= Coarse bubble diffuser =

Pollution control technology

A coarse bubble diffuser is a pollution control technology used to aerate and or mix wastewater for sewage treatment.

==Description==
Coarse bubble diffusers produce 1/4 to 1/2 inch (6.4 to 13 mm) bubbles which rise rapidly from the floor of a wastewater treatment plant or sewage treatment plant tank. They are typically used in grit chambers, equalization basins, chlorine contact tanks, and aerobic digesters, and sometimes also in aeration tanks. Generally they are better at vertically "pumping" water than at mass transfer of oxygen.

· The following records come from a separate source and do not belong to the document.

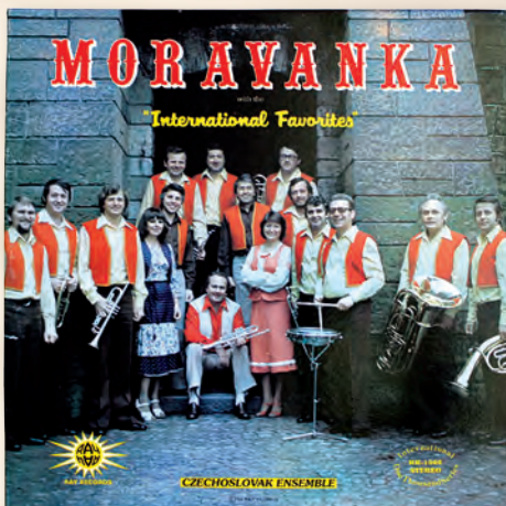
12" 33 RPM record album (vinyl): Moravanka — International Favorites . Ray Records, 1980.

When taken as a whole, the NCSML's phonograph record collection documents long-term shifts in musical genres, performance styles, orchestration and the development of the recording industry itself. For example, early American recordings aimed at the Czech and Slovak immigrant market featured a heavy European influence through the use of European musicians, arrangements and playing styles. The European influence lessened over time, giving way to a distinctly American quality to the recordings as Czech- and Slovak-American bands developed their own arrangements and playing styles. Concurrently, the Czechoslovak recording industry began exporting recordings to the American market. These recordings provided perhaps a more "pure" alternative to the American recordings, which were incorporating outside musical influences from other ethnic groups and musical traditions, like country & western.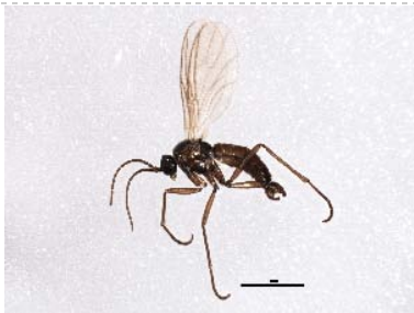
BIOUG05503-C12 [Lateral] Sciaridae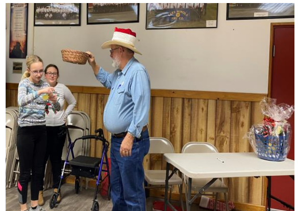
PDG Butch is due on December 25 th .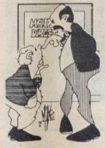
"I don't usually mix business with pleasure, but you're fired."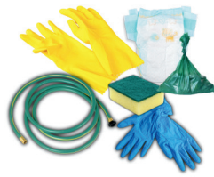
pañales, residuos de mascotas, guantes, esponjas y mangueras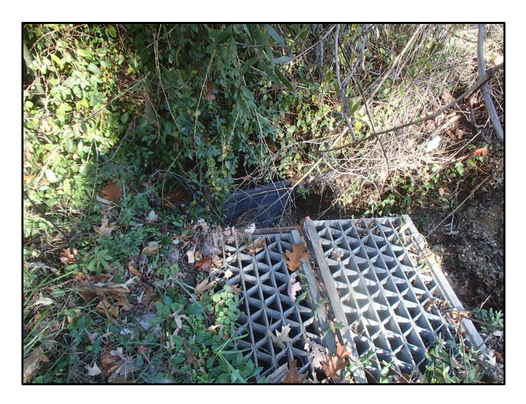
Waters 1EEE – Ephemeral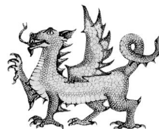
Ballarat & Central Highlands RPG Welsh Pony & Cob Society of Australia Inc.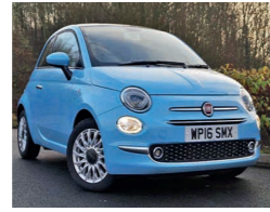
2016 Fiat 500 1.2 Lounge, WP16 SMX, Volare Blue, 1,200 miles, £8,778. Air Conditioning, Fixed Glass Roof with Sunblind, Rear Parking Sensors, Start/Stop, 15in Alloys, Front Seats with Memory.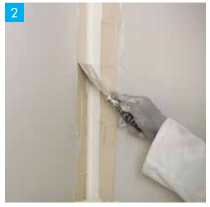
Bedding Knauf Joint Tape.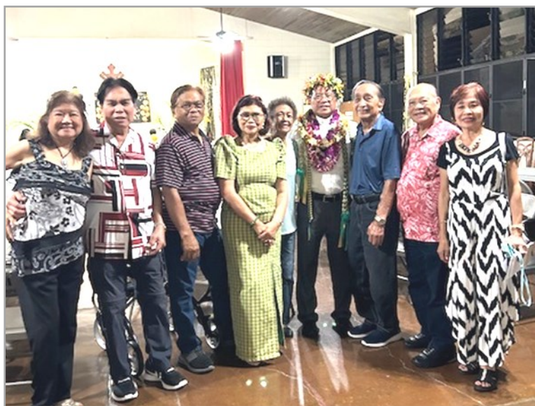
With parish leaders, ministers, volunteers and friends.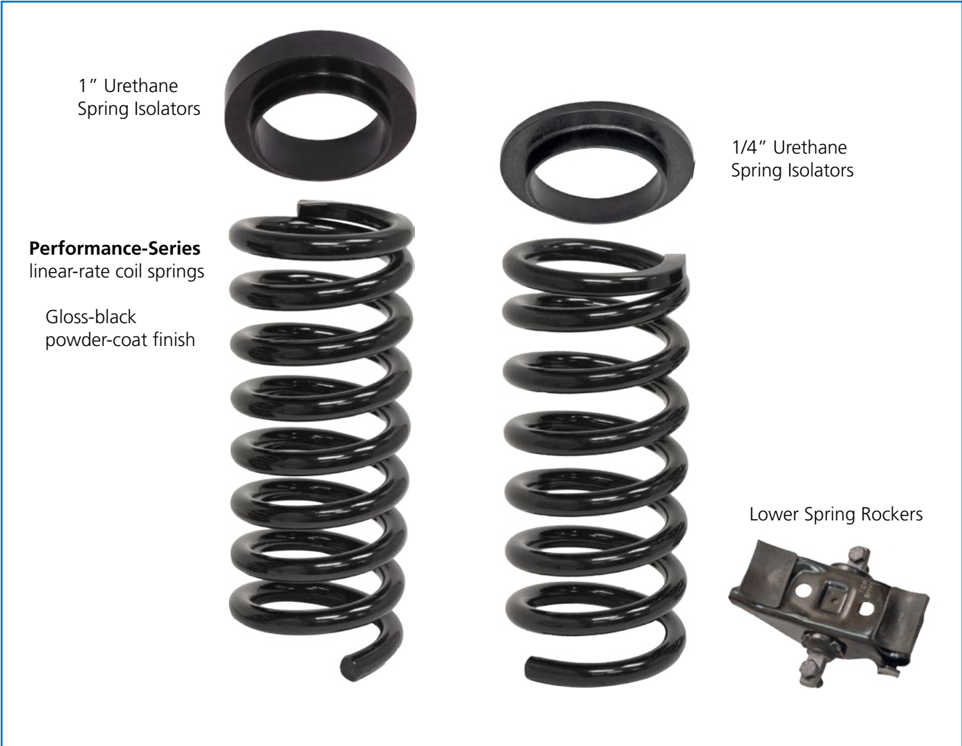
1" Urethane Spring Isolators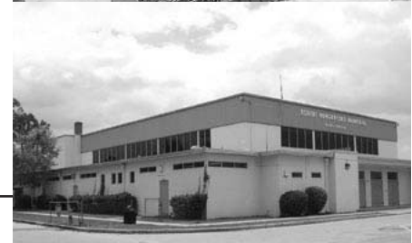
Citizens across the district are lending their voices to help determine the future of Hungerford.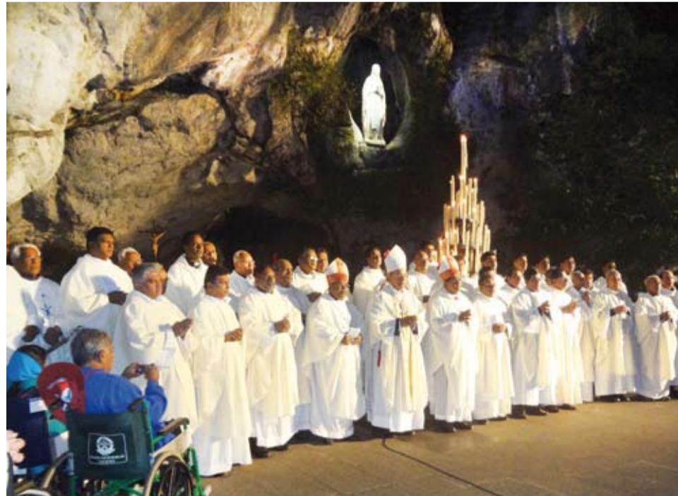
Dedication of the Archdiocese of Colombo to our Blessed at the Grotto of Our Lady of Lourdes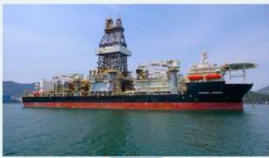
MARCH 6, 2026 SONANGOL OIL TANKER SUFFERS EXPLOSION IN IRAQI PORT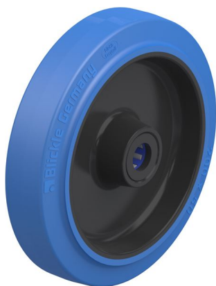
Wheel used POEV 200/20XR-SB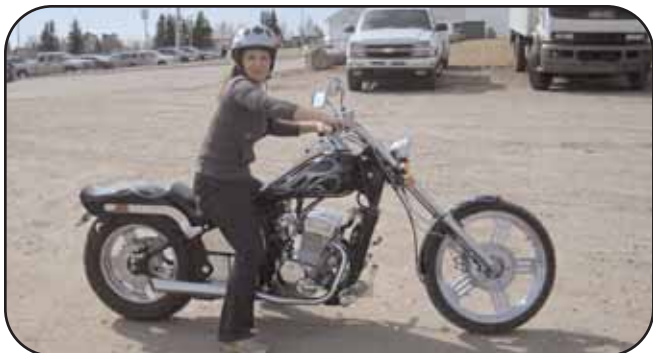
Above & Below: A local lady who hasn't ridden before finds her "Sea legs" on the Johnny Pag

What a hoot! Although I stalled the bike three times before I got used to the feel of the clutch I had an absolute blast riding this machine. The claims of it's handling ability are not exaggerated.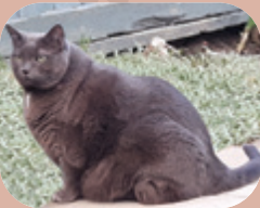
Big Earl, Capitol Hill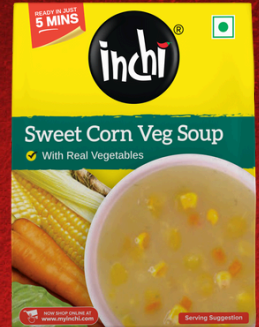
Sweet Corn Veg Soup 48g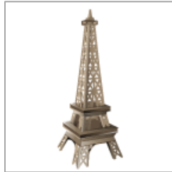
Paris Declaration on Aid Effectiveness (2005)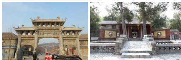
Fig. 10 Mountain Gate and Temple in Dapi Mountain Scenic Area

The Dapi Mountain cultural landscape is divided into East and West mountains by a street, East Mountain is called Dapi Mountain, and West Mountain is called Fuqiu Mountain. It is famous for the stone Buddha which is the earliest in China and largest in north China. The stone Buddha was built in the Northern Wei Dynasty and was excavated by the mountain. It is 26.7 meters high and is hidden in the building with a height of 23.3 meters. There are seven Buddhist temples, eight pavilions, six grottoes, 138 ancient buildings and more than 460 inscriptions existing on the Dapi Mountain. Every year, New year's Eve (Shou sui), the 15 th day of the first month (temple fair), and the 25 th of May (the birthday of Xishan's mother), a large number of believers will come to Dapi Mountain to pray for the protection of the gods. Usually, local residents will come to the mountains for physical exercise and leisure.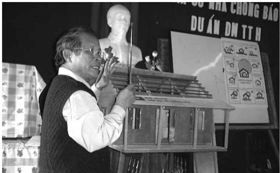
Training builders on key safety points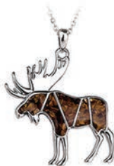
Wildlife and Earth BN1918I1-MO2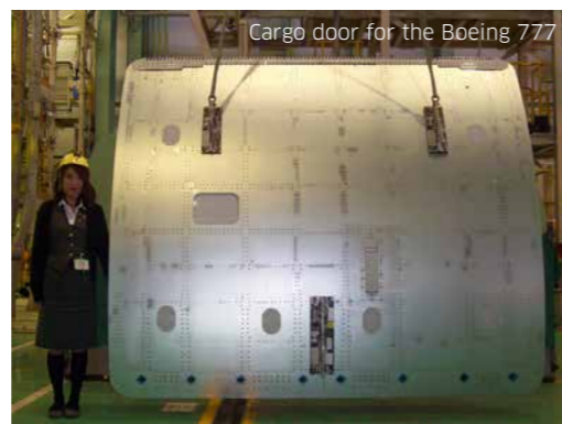
Cargo door for the Boeing 777

*1 Jet Ski is a registered trademark of Kawasaki.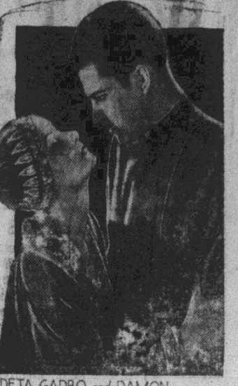
GRETA GARBO and RAMON NOVARRO in "MATA HARI"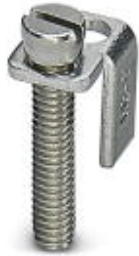
Switching jumper, Number of positions: 2, Color: silver

Please be informed that the data shown in this PDF Document is generated from our Online Catalog. Please find the complete data in the user's documentation. Our General Terms of Use for Downloads are valid ( http://phoenixcontact.com/download )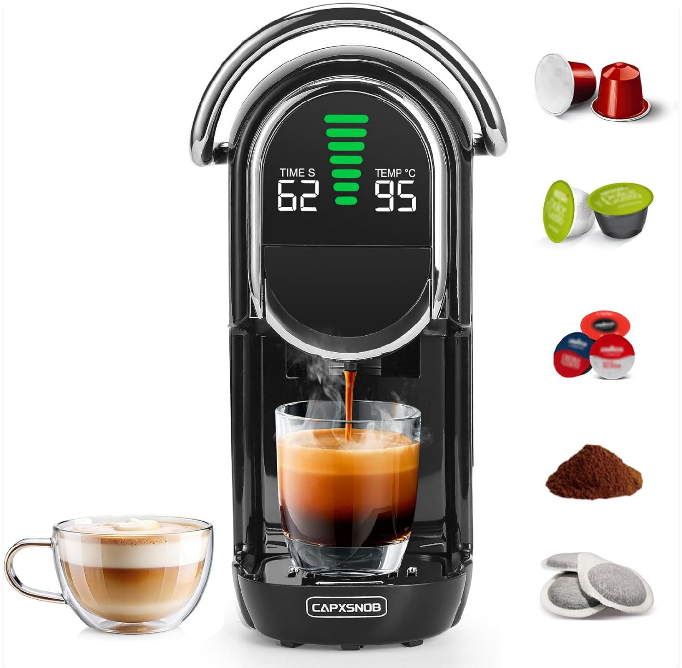
Figure 1: Front view of the Magician1 Mini Coffee Machine with various coffee types it supports.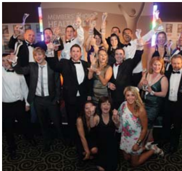
The ceremony was held at the Hilton Birmingham Metropole NEC hotel

The awards are unique in the industry as the only awards rated by members themselves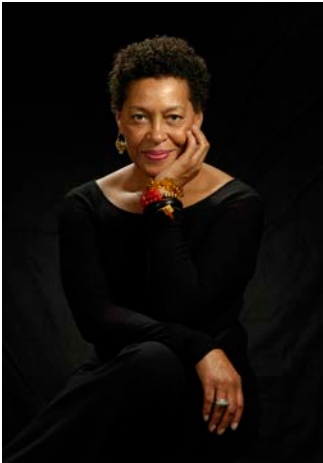
Carrie Mae Weems

20 th Annual Gala Celebration Will Take Place July 21, 2016 2016 Marks the 50 th Anniversary of Anderson Ranch Arts Center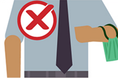
On your arm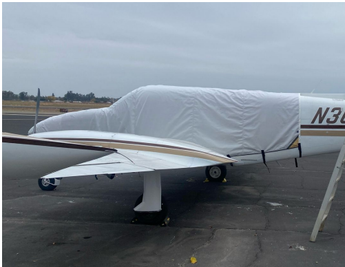
Cessna 340 Extended Canopy/Nose Cover

This cover type is made from Silver Acrylic Sunbrella canvas and is 100% lined with a soft and smooth microfiber. Bruce's Custom Covers developed this material combination especially for aircraft protection. The outer material is medium weight and treated for water resistance, UV resistance and anti-static buildup. The inner lining is a very soft and smooth microfiber to prevent scratching. The material is very reflective, and tests show that the cabin interior temperature can be reduced to near-ambient temperature on the hottest of days. It is water, ice and snow repellent, yet breathable to allow moisture to escape from between the cover and the aircraft surface.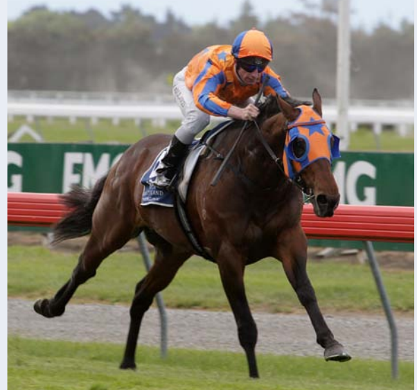
A 2013 service to Rock 'n' Pop (pictured above) will be won by an NZTBA member present at Te Aroha on the 6th of April

Entry cost will be $10 for financial members and $20 for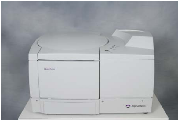
Fig. 4.3 Rapid sequencing of the viral genomes. QuantTyper™-48, from AlphaHelix Molecular Diagnostics AB, is the first real-time thermo cycling instrument utilizing SuperConvection™ to speed up the cycling process. This is achieved by subjecting the samples to high g-force, (via centrifugation), while cycling the temperature. The result is an increased mixing of the sample fluid that improves both the temperature homogenization and the kinetics of the reaction. This makes the QuantTyper-48 very fast but also very flexible with a vast sample volume range, accommodating reactions from 20 to 200 \mu\text{L} in volume using standard PCR-tubes. Typically a 20 \mu\text{L} real-time PCR assay is ready within 15 min while a 200 \mu\text{L} reaction takes up to 50 min to complete. Since such viruses can also be important factors in various diseases, it is important to work on methods, which facilitate their detection

In order to facilitate the detection of such viruses a range of molecular methods have been developed, in order to genetically characterize new viruses without prior in vitro replication or the use of virus-specific reagents. In the recent metagenomic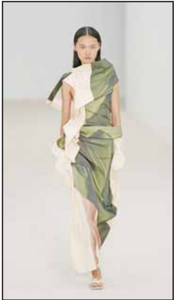
A model presents a creation by Issey Miyake in Paris.

tiles as active matter. The caveat is familiar. Concept occasionally edged toward prop theater - the boxes, the stuffed netting - and risks overshadowing everyday use. Commercial clarity can blur when silhouettes impose rather than accommodate. Even so, this was among the label’s more fashion-forward recent

Coarse bubble diffusers typically provide half the mass transfer of oxygen as compared to fine bubble diffusers, given the same air volume.

== Application ==

Often in non-Newtonian or pseudoplastic fluids, such as a digester with high solids concentration, it does make sense to use coarse bubble diffusers rather than fine bubble diffusers, due to the larger bubbles' ability to shear through more viscous wastewater.

However, over the past two decades, coarse bubble diffusers have been used less frequently, primarily due to the ever increasing cost of energy and the availability of more reliable, highly efficient fine bubble diffusers. Manufacturers of diffused aeration systems claim that converting from coarse bubble to fine bubble system should yield a 50 percent energy cost savings. Specifically, in aeration tanks, a system that utilizes coarse bubble diffusers requires 30 to 40 percent more process air than a fine bubble diffused air system to provide the same level of treatment. The exception would be in secondary treatment (or side processing) phases. In these processing tanks, floc particles, sediment and carbonate buildup tend to plug or clog the small air release openings on the fine bubble diffusers. Because of their small air openings, fine bubble diffusers cease to have an advantage. Currently, coarse bubble diffusers are the mainstay solution.

These diffusers are typically made in the shape of a perforated rectangular pipe called a wide band, or a cap of 3 in in diameter with an elastomeric membrane. Other varieties of coarse bubble diffusers exist, though it is generally accepted that all of them perform similarly with respect to mass oxygen transfer. When comparing disc-shaped diffusers, the majority fail to withstand specific challenges, beyond 1 or 2 years, which include: clogging, blowing off and cracking. Any coarse bubble diffuser that eliminates these problems would deliver a huge cost-savings, not only in product replacement, but in system downtime to facilitate their exchange. This is a motivating factor considered by budget-sensitive operators at municipal waste water treatment processing plants.